*** Opening RECORDS FOR THIS TASK ***

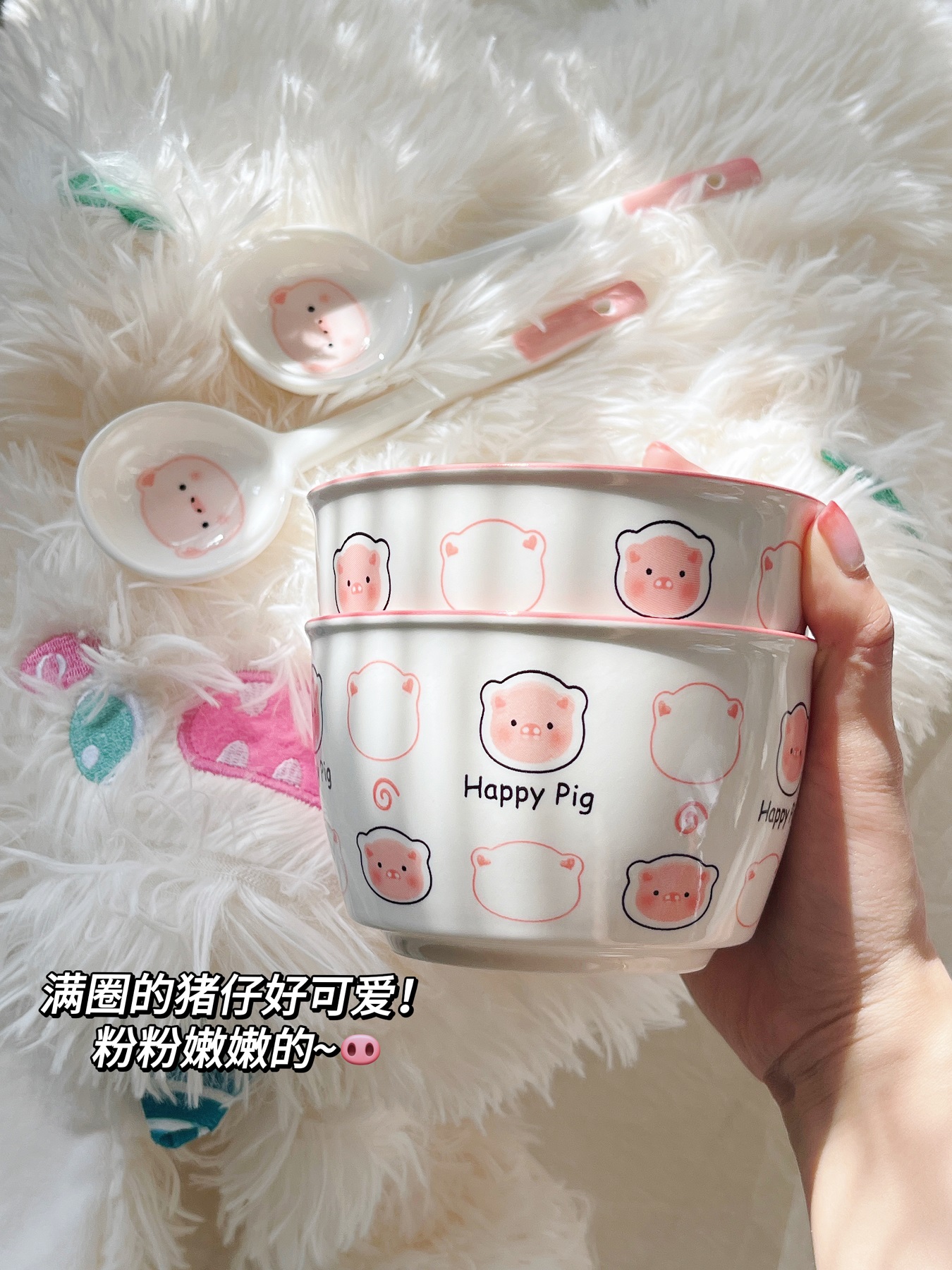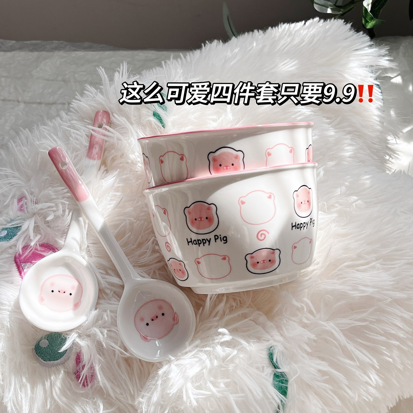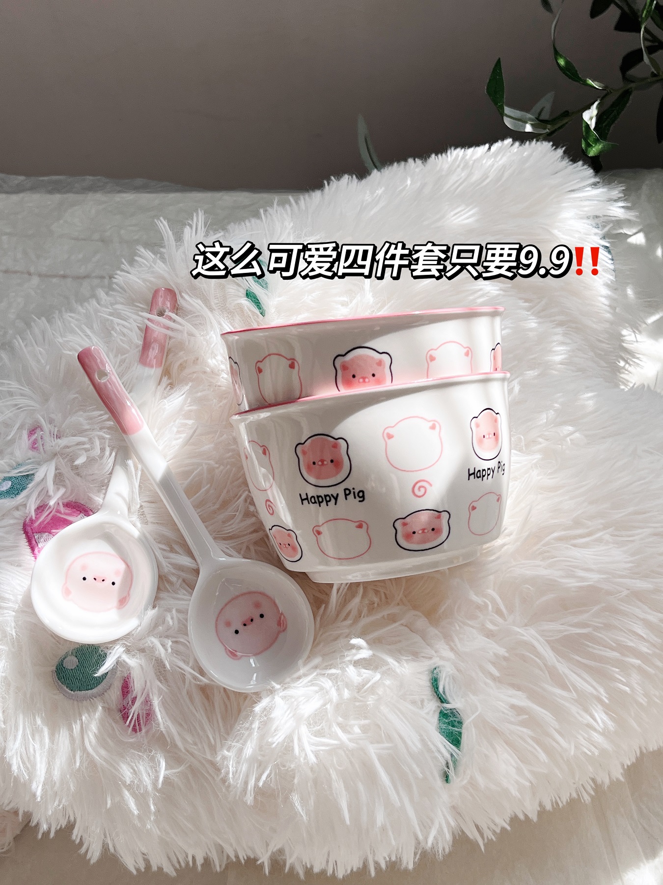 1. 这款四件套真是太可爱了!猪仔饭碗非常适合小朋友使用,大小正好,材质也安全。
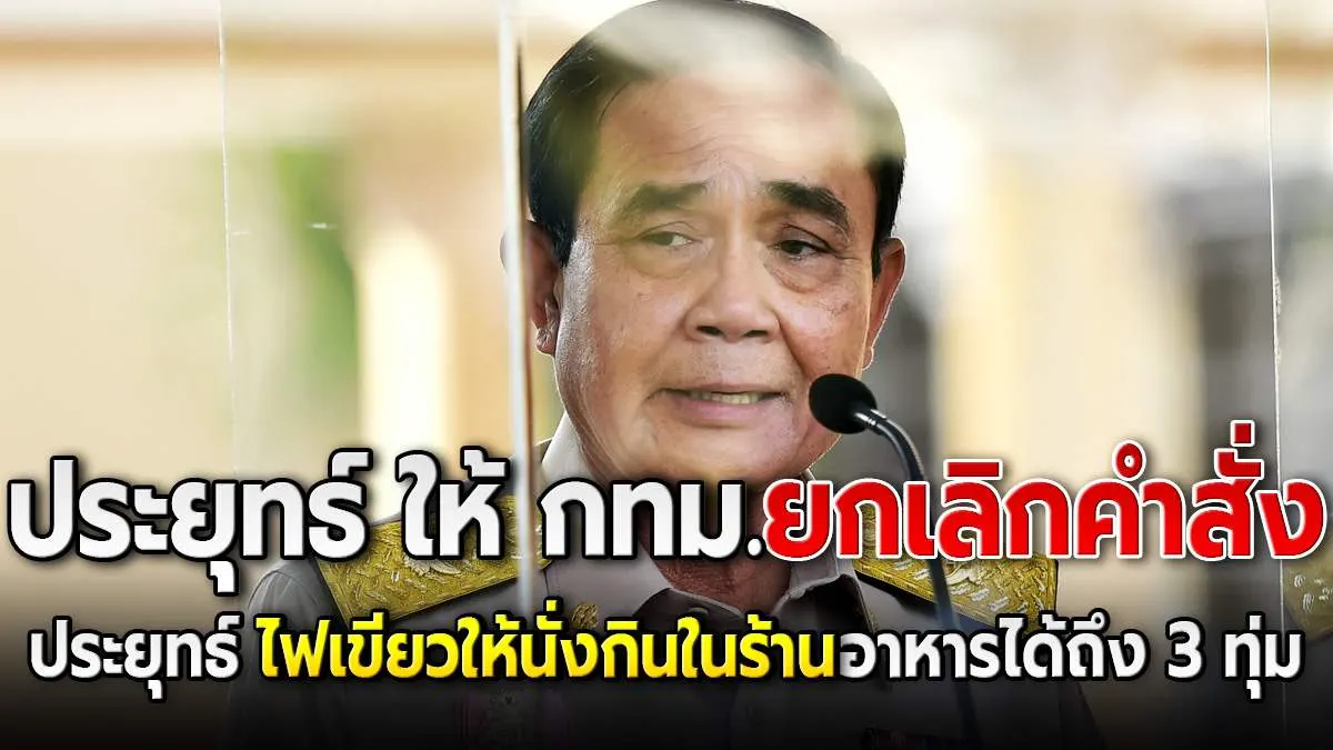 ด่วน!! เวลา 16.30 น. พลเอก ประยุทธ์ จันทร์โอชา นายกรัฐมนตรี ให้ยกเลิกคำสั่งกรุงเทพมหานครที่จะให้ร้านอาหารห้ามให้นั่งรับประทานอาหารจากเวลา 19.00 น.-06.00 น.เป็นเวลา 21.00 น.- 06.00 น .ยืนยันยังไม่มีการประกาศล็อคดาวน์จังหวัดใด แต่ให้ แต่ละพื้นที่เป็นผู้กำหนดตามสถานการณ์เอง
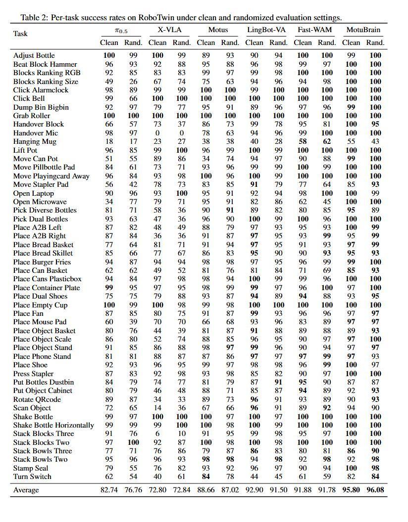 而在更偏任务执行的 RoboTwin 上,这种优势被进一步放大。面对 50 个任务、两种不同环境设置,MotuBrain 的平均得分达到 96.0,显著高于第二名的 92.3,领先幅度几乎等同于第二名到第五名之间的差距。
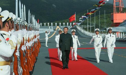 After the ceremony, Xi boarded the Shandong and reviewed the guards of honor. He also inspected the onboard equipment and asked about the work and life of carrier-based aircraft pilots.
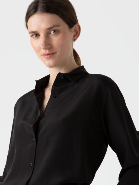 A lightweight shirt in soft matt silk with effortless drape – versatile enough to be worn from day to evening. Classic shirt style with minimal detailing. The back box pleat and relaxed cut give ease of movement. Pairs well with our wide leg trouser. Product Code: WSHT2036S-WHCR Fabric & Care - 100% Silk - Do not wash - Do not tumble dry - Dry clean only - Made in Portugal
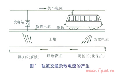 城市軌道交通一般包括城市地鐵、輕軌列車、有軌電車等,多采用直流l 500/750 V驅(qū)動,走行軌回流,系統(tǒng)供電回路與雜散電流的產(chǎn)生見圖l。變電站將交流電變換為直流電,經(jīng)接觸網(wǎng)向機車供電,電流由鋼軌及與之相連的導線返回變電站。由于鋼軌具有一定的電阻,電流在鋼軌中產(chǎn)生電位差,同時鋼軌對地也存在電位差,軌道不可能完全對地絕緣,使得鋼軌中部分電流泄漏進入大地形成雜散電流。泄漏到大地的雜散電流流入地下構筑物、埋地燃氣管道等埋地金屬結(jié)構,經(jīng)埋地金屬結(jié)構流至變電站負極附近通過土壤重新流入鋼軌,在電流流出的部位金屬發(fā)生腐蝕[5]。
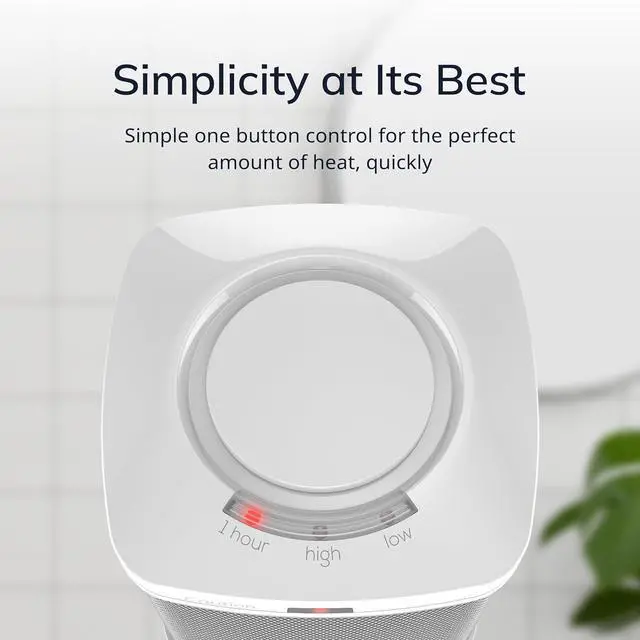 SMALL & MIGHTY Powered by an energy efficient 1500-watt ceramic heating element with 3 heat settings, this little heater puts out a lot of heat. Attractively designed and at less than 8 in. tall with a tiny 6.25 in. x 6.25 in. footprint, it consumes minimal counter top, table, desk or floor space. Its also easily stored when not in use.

*** Closing RECORDS FOR THIS TASK ***

• _TRY IT_
Copy the records word for word, leaving no picture in the copy.

• _WRITTEN SOLUTION_
 1. 这款四件套真是太可爱了!猪仔饭碗非常适合小朋友使用,大小正好,材质也安全。
 ด่วน!! เวลา 16.30 น. พลเอก ประยุทธ์ จันทร์โอชา นายกรัฐมนตรี ให้ยกเลิกคำสั่งกรุงเทพมหานครที่จะให้ร้านอาหารห้ามให้นั่งรับประทานอาหารจากเวลา 19.00 น.-06.00 น.เป็นเวลา 21.00 น.- 06.00 น .ยืนยันยังไม่มีการประกาศล็อคดาวน์จังหวัดใด แต่ให้ แต่ละพื้นที่เป็นผู้กำหนดตามสถานการณ์เอง
 而在更偏任务执行的 RoboTwin 上,这种优势被进一步放大。面对 50 个任务、两种不同环境设置,MotuBrain 的平均得分达到 96.0,显著高于第二名的 92.3,领先幅度几乎等同于第二名到第五名之间的差距。
 After the ceremony, Xi boarded the Shandong and reviewed the guards of honor. He also inspected the onboard equipment and asked about the work and life of carrier-based aircraft pilots.
 A lightweight shirt in soft matt silk with effortless drape – versatile enough to be worn from day to evening. Classic shirt style with minimal detailing. The back box pleat and relaxed cut give ease of movement. Pairs well with our wide leg trouser. Product Code: WSHT2036S-WHCR Fabric & Care - 100% Silk - Do not wash - Do not tumble dry - Dry clean only - Made in Portugal
 城市軌道交通一般包括城市地鐵、輕軌列車、有軌電車等,多采用直流l 500/750 V驅(qū)動,走行軌回流,系統(tǒng)供電回路與雜散電流的產(chǎn)生見圖l。變電站將交流電變換為直流電,經(jīng)接觸網(wǎng)向機車供電,電流由鋼軌及與之相連的導線返回變電站。由于鋼軌具有一定的電阻,電流在鋼軌中產(chǎn)生電位差,同時鋼軌對地也存在電位差,軌道不可能完全對地絕緣,使得鋼軌中部分電流泄漏進入大地形成雜散電流。泄漏到大地的雜散電流流入地下構筑物、埋地燃氣管道等埋地金屬結(jié)構,經(jīng)埋地金屬結(jié)構流至變電站負極附近通過土壤重新流入鋼軌,在電流流出的部位金屬發(fā)生腐蝕[5]。
 SMALL & MIGHTY Powered by an energy efficient 1500-watt ceramic heating element with 3 heat settings, this little heater puts out a lot of heat. Attractively designed and at less than 8 in. tall with a tiny 6.25 in. x 6.25 in. footprint, it consumes minimal counter top, table, desk or floor space. Its also easily stored when not in use.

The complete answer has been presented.